Geliefert wird der Bildschirm in einem relativ großen Karton, auf dessen Vorderseite neben dem Herstellerlogo auch der Monitor selbst abgebildet ist. Der Karton ist durchaus schwer: Insgesamt wiegt er beinahe 12 Kilogramm. Neben dem Monitor finden sich in ihm der flexible Standfuß, Abstandshalter zur Befestigung an einer VESA-Halterung, ein Strom- und ein DisplayPort-Kabel, ein Schraubendreher und Schrauben zur Befestigung des Standfußes. Alle zur Montage des Monitors benötigten Gegenstände sind damit im Lieferumfang enthalten, was einen ersten Pluspunkt darstellt.

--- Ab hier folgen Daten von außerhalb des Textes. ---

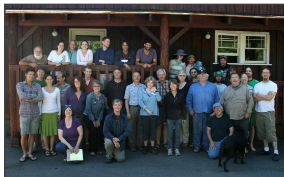
Group Photo - Aprovecho Stove Camp Summer 2011

Lots of stoves were built and some initial testing was completed. Stove Camp is often inspiring, for some folks one or two hopeful tests point them in fruitful directions, one team stayed up until 3am to get even temperatures and beautifully finish the bread oven! Some initial test results once again showed how institutional stoves can cook food with greatly reduced specific consumption (fuel used and emissions made per unit of food cooked) even while burning briquettes.
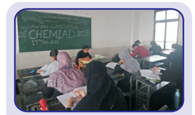
Student participated in "CHEMIAD" Competition

In co-ordination with Association of Chemistry Teachers (ACT), Mumbai,AKI's Poona College of Art's Science & Commerce has witnessed participation at the National Level Chemistry Aptitude Test, Concept Test in Chemistry (CONTECH 2018-19) to assess the conceptual understanding in chemistry on 02/02/2019.
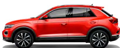
Flash Red Non-Metallic
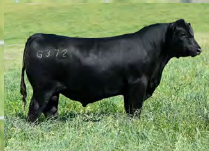
Son of X64

Aufgebaut ist das Gerät indes schnell. Zunächst muss die dreiteilige Monitorhalterung, mit der der Bildschirm am Standfuß befestigt wird, zusammengesetzt werden. Hierzu werden die mitgelieferten Schrauben benötigt. Die Schraube für die Verbindung von Monitorfuß und -ständer ist bereits im Fuß eingedreht und kann einfach per Hand festgeschraubt werden. Anders sieht es bei der Verbindungsplatte zum Monitor aus, diese muss zunächst auf den Monitorständer gesteckt werden und anschließend mit zwei Schrauben fixiert werden. Hierzu benötigt man auch den mitgelieferten Schraubendreher. Zum Schluss kann der Bildschirm einfach auf die Halterung geschoben und eingeklickt werden. Die Verbindung ist fest und wackelt nicht, kann aber einfach per Tastendruck wieder gelöst werden.

Design und Verarbeitung

Einmal aufgebaut präsentiert der Monitor sich recht beeindrucken. Das 21:9-Format ist immer noch eine Seltenheit, obwohl es vor allem im Gamingbereich einige Vorteile mit sich bringt. Doch nicht nur die Länge des Bildschirms, sondern auch seine leichte Krümmung tragen dazu bei, dass er einen guten ersten Eindruck hinterlässt.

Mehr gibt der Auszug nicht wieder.